▸ **PROBLEM TO SOLVE**:
Your task is to copy exactly the lines from the line containing "suction power: With" through the end of the listing below, with pictures left out.

▸ **DATA BELOW**:
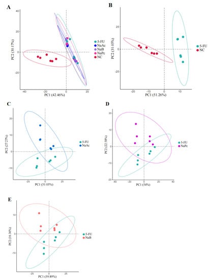 PCA score plot in the positive ion mode analysis for the effects of SCFAs on cellular metabolites (n = 6/group). (A): PCA score plot analysis in all groups; (B): PCA score plot analysis for the NC and 5-FU group; (C): PCA score plot analysis for the NaAc and 5-FU group; (D): PCA score plot analysis for the NaPc and 5-FU group; and (E): PCA score plot analysis for the NaB and 5-FU group.
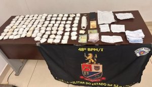 O abordado confessou a comercialização de entorpecentes. Na pochete, foram localizadas porções de maconha (0,021 kg), crack (0,014 kg) e cocaína (0,024 kg), além de R$ 146,00 em dinheiro.
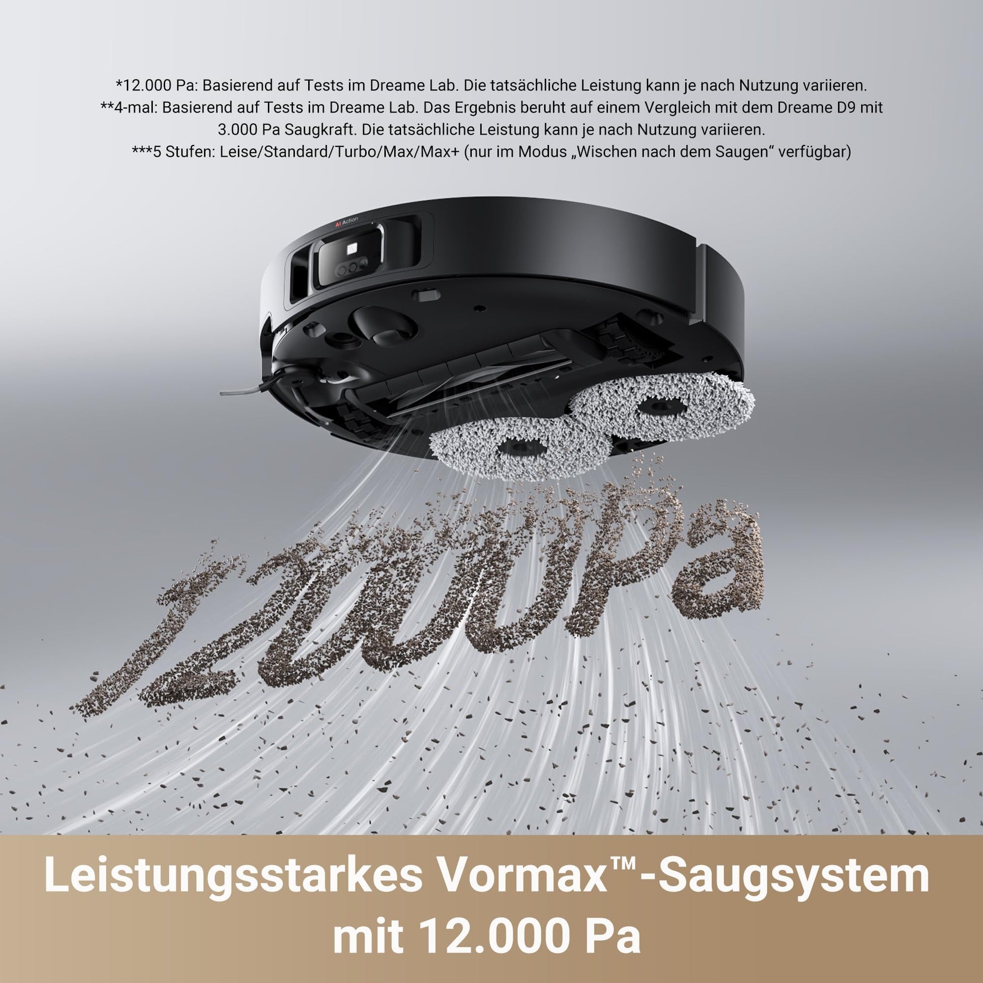 "Unmatched suction power: With an industry-leading suction power of 12,000 Pa, the X40 Master quickly removes dirt such as paper scraps, cat litter, dust, and hair, ensuring a thorough cleaning every time."
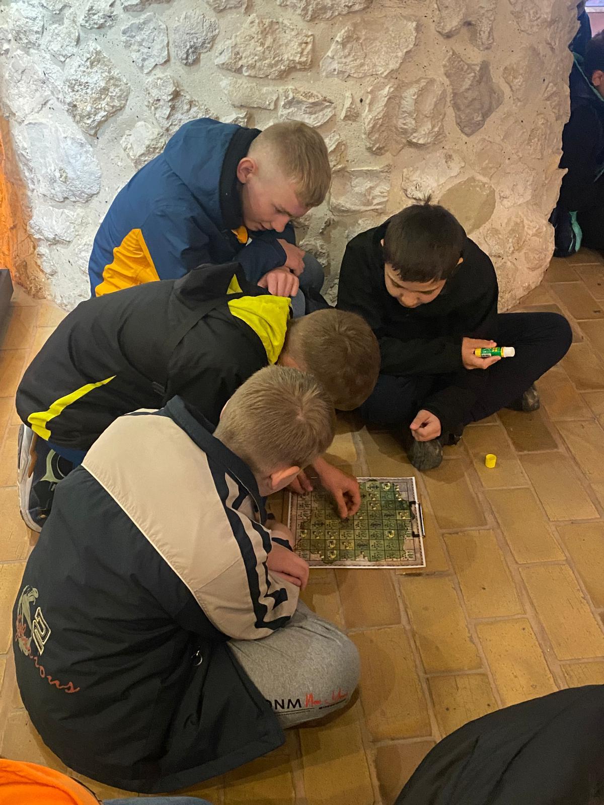 Pierwszym punktem programu było spotkanie z historią w tynieckim opactwie. Uczniowie wzięli udział w warsztatach poświęconych początkom państwa polskiego. Wiedzę tę przyswajali poprzez udział w wielkoformatowej grze planszowej, co stanowiło ciekawe i angażujące uzupełnienie lekcji historii.

▸ **RESULT FOR THIS EXERCISE**:
 "Unmatched suction power: With an industry-leading suction power of 12,000 Pa, the X40 Master quickly removes dirt such as paper scraps, cat litter, dust, and hair, ensuring a thorough cleaning every time."
 Pierwszym punktem programu było spotkanie z historią w tynieckim opactwie. Uczniowie wzięli udział w warsztatach poświęconych początkom państwa polskiego. Wiedzę tę przyswajali poprzez udział w wielkoformatowej grze planszowej, co stanowiło ciekawe i angażujące uzupełnienie lekcji historii.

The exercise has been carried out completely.